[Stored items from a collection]

§ §

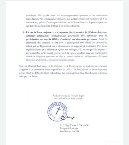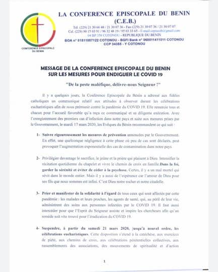 Vu l’évolution de la pandémie de Coronavirus, la Conférence Episcopale du Bénin vient de prendre de nouvelles mesures pour la prévention de ce mal. Parmi ces mesures prises ce jeudi 19 Mars 2020, figure la suspension jusqu’à nouvel ordre des célébrations eucharistiques et autres.
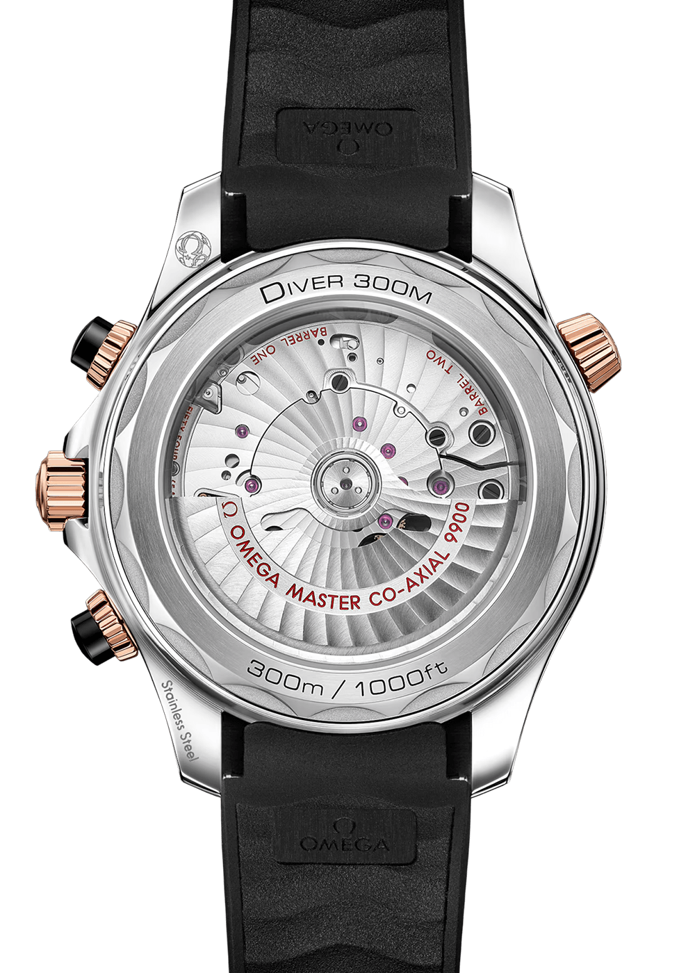 The watch is presented on a black rubber strap and is driven by the OMEGA Master Chronometer Calibre 9900, which can be seen through the sapphire-crystal on the wave-edged caseback.
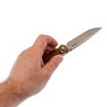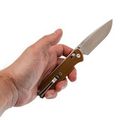 Клинок с геометрией Drop-Point - классическое решение для повседневного применения. Благодаря прямым спускам нож уверенно режет и легко контролируется в работе. Механизм Ambi-Lock обеспечивает быструю и безопасную фиксацию клинка. Открытие - через двусторонний шпенёк или инерционно одним движением руки.
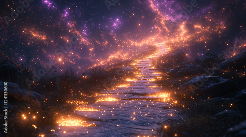 Enchanting glowing pathway leads into a celestial night sky filled with stars
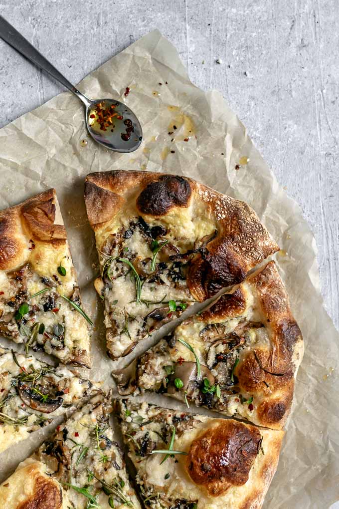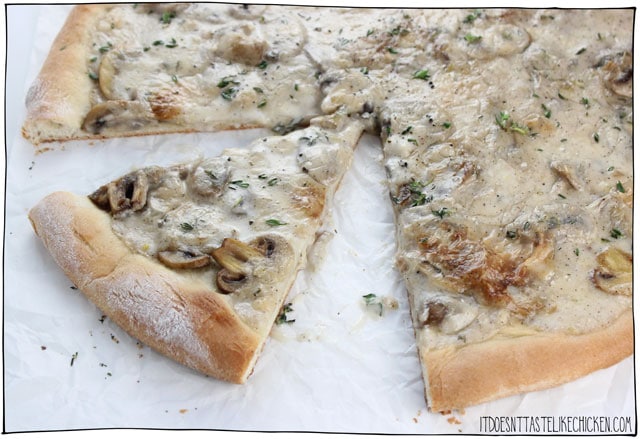 I’ve tried this vegan pizza recipe also and it’s one of my favorites! It’s made with a soft, pillowy pizza dough, topped with caramelized mushrooms, a thick white sauce, rosemary, and fresh vegan mozzarella. Instead of rosemary, I used oregano and it tasted just as delicious.
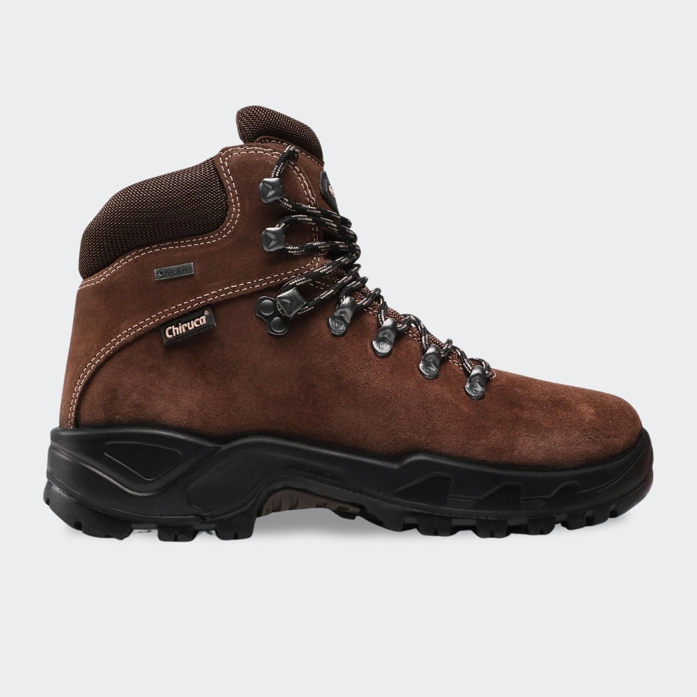 Una bota de piel serraje hidrofugada, cordura hidrofugada, membrana Gore-Tex impermeable y transpirable piso bidensidad con entresuela de poliuretano expandido y patín de poliuretano Trail que ofrece comodidad y amortiguación.
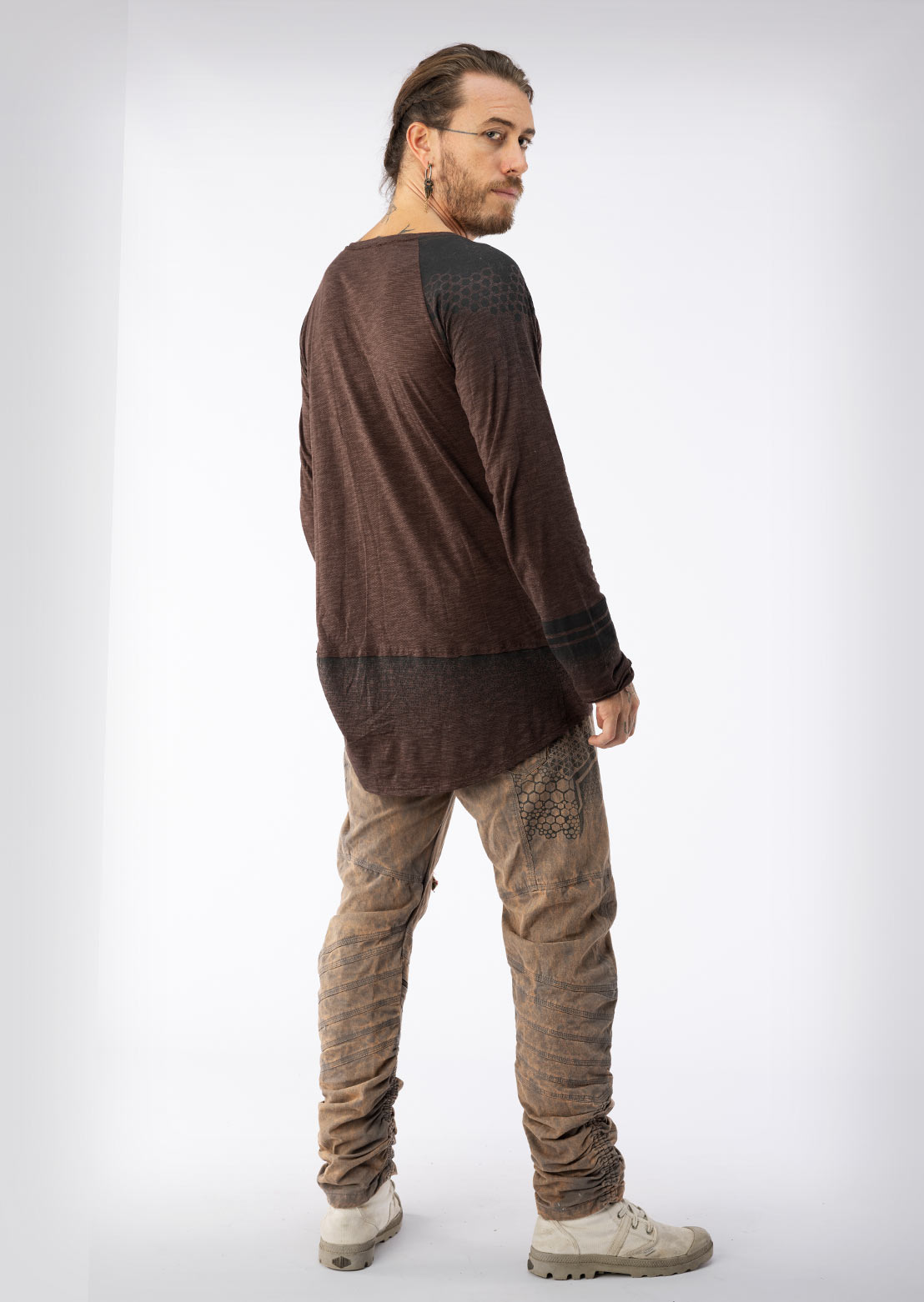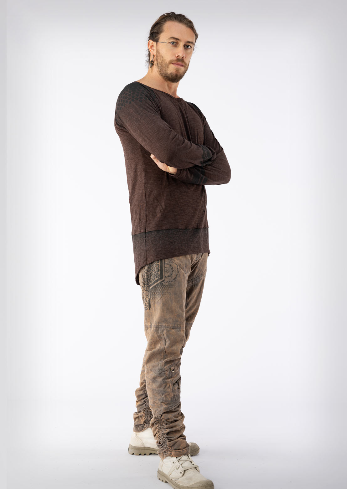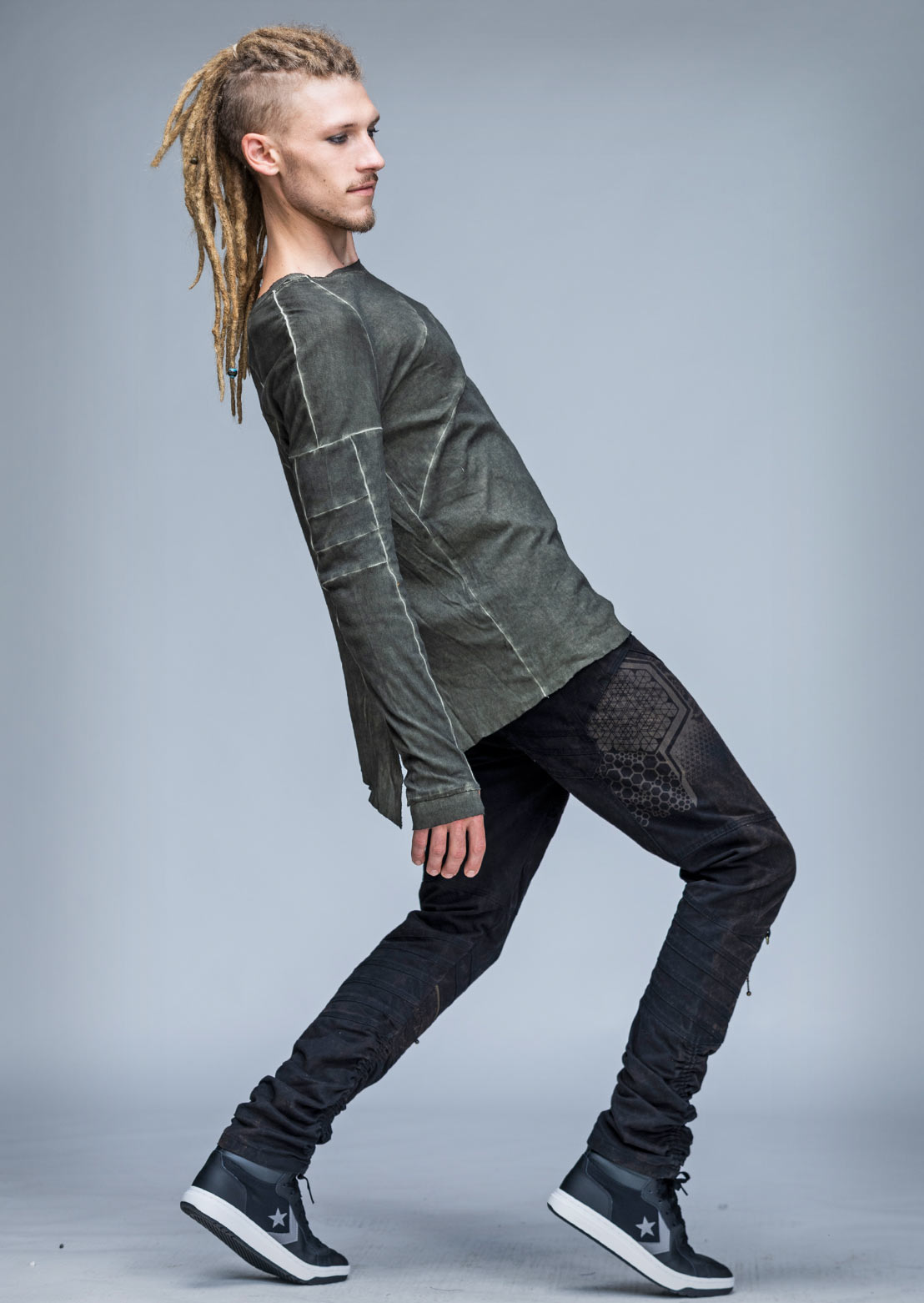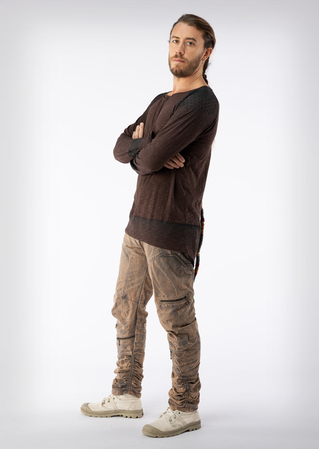 Crafted from lightweight stone-washed cotton twill, these pants offer comfort and durability. They feature a tattoo-inspired print in asymmetric locations, adding a unique and edgy touch. Brass studs and plenty of pockets provide both style and practicality, ensuring you have everything you need right at your fingertips.
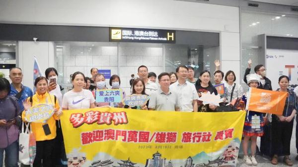 本次航班上共搭乘了澳门入黔的旅客共169人,其中澳门旅游团队70人。接下来他们将前往乌蒙大草原、织金洞、遵义会址、青岩古镇等地开启“多彩贵州”之旅。
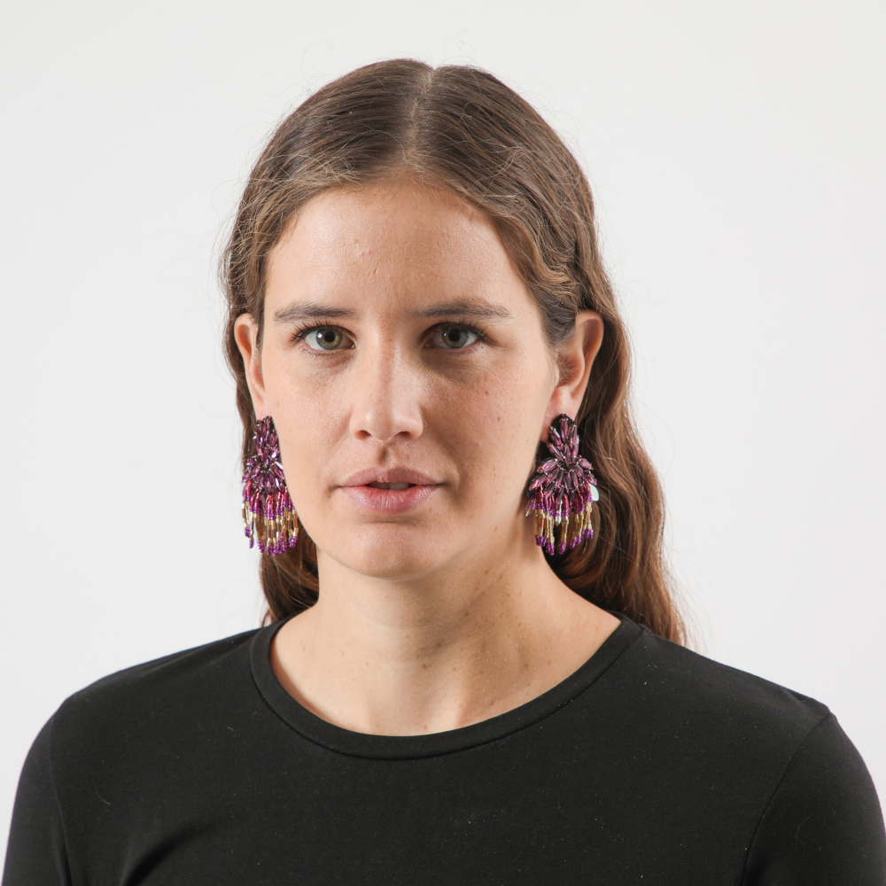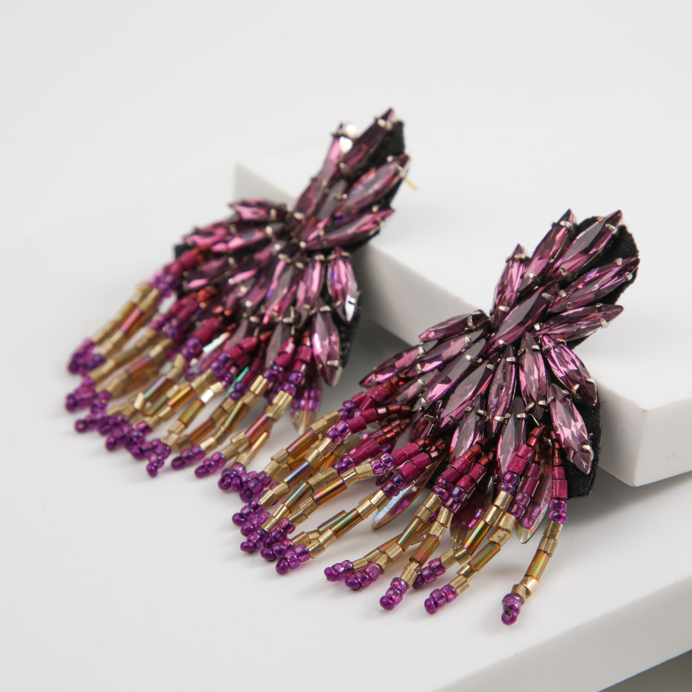 Aro largo de brillantes de fantasía de espiga morados con flecos de mostacillas moradas y doradas.

§ §

» YOUR OBJECTIVE:
Every line above is to be repeated exactly, but no picture is to appear in the copy.

» REPLY:
 Vu l’évolution de la pandémie de Coronavirus, la Conférence Episcopale du Bénin vient de prendre de nouvelles mesures pour la prévention de ce mal. Parmi ces mesures prises ce jeudi 19 Mars 2020, figure la suspension jusqu’à nouvel ordre des célébrations eucharistiques et autres.
 The watch is presented on a black rubber strap and is driven by the OMEGA Master Chronometer Calibre 9900, which can be seen through the sapphire-crystal on the wave-edged caseback.
 Клинок с геометрией Drop-Point - классическое решение для повседневного применения. Благодаря прямым спускам нож уверенно режет и легко контролируется в работе. Механизм Ambi-Lock обеспечивает быструю и безопасную фиксацию клинка. Открытие - через двусторонний шпенёк или инерционно одним движением руки.
 Enchanting glowing pathway leads into a celestial night sky filled with stars
 I’ve tried this vegan pizza recipe also and it’s one of my favorites! It’s made with a soft, pillowy pizza dough, topped with caramelized mushrooms, a thick white sauce, rosemary, and fresh vegan mozzarella. Instead of rosemary, I used oregano and it tasted just as delicious.
 Una bota de piel serraje hidrofugada, cordura hidrofugada, membrana Gore-Tex impermeable y transpirable piso bidensidad con entresuela de poliuretano expandido y patín de poliuretano Trail que ofrece comodidad y amortiguación.
 Crafted from lightweight stone-washed cotton twill, these pants offer comfort and durability. They feature a tattoo-inspired print in asymmetric locations, adding a unique and edgy touch. Brass studs and plenty of pockets provide both style and practicality, ensuring you have everything you need right at your fingertips.
 本次航班上共搭乘了澳门入黔的旅客共169人,其中澳门旅游团队70人。接下来他们将前往乌蒙大草原、织金洞、遵义会址、青岩古镇等地开启“多彩贵州”之旅。
 Aro largo de brillantes de fantasía de espiga morados con flecos de mostacillas moradas y doradas.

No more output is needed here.